An exact copy of all the data below is needed, without its pictures.

── AVAILABLE DATA

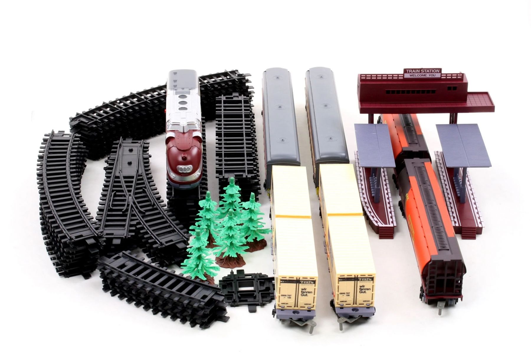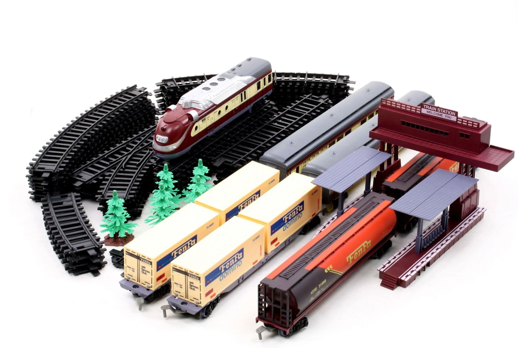 Переваги залізниць FENFA міцний пластик, надійні кріплення рейок та вагонів, вагони та локомотиви виконані красиво та детально. Економія живлення завдяки малій вазі та легкості ходу коліс.
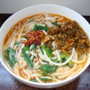 米线、韭菜、豌豆尖、肉末、香辣酱、酸腌菜、盐。
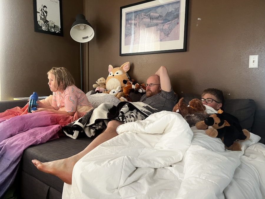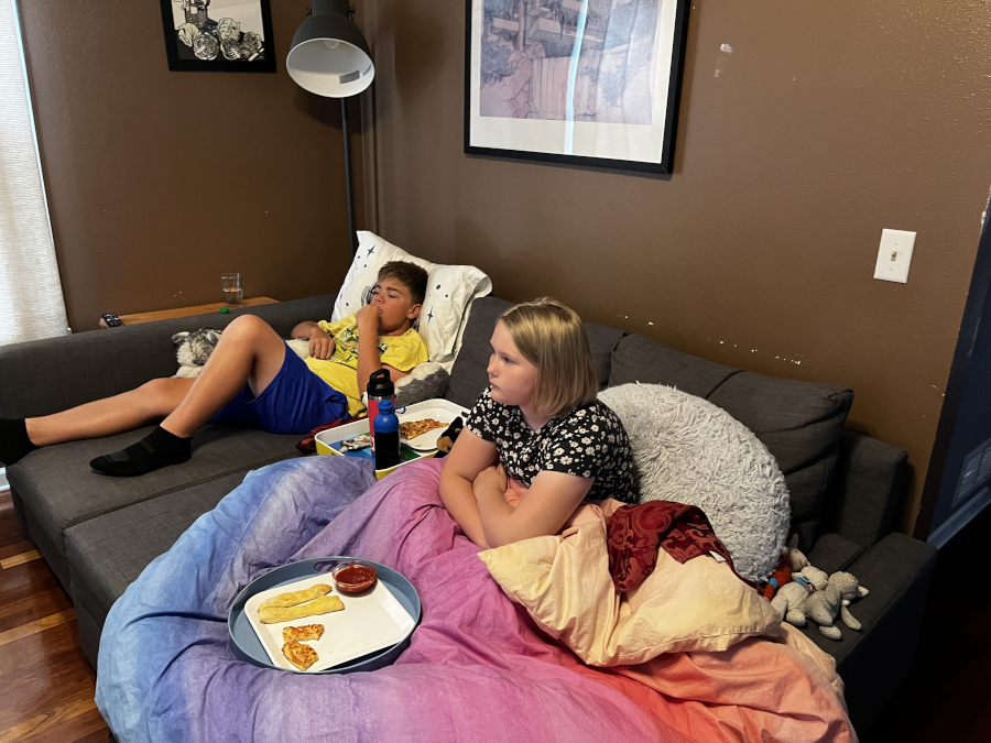 Me and Freya - watching Soapy play Tears of the Kingdom while we had breakfast.

────

### RESULT OF THIS TASK
 Переваги залізниць FENFA міцний пластик, надійні кріплення рейок та вагонів, вагони та локомотиви виконані красиво та детально. Економія живлення завдяки малій вазі та легкості ходу коліс.
 米线、韭菜、豌豆尖、肉末、香辣酱、酸腌菜、盐。
 Me and Freya - watching Soapy play Tears of the Kingdom while we had breakfast.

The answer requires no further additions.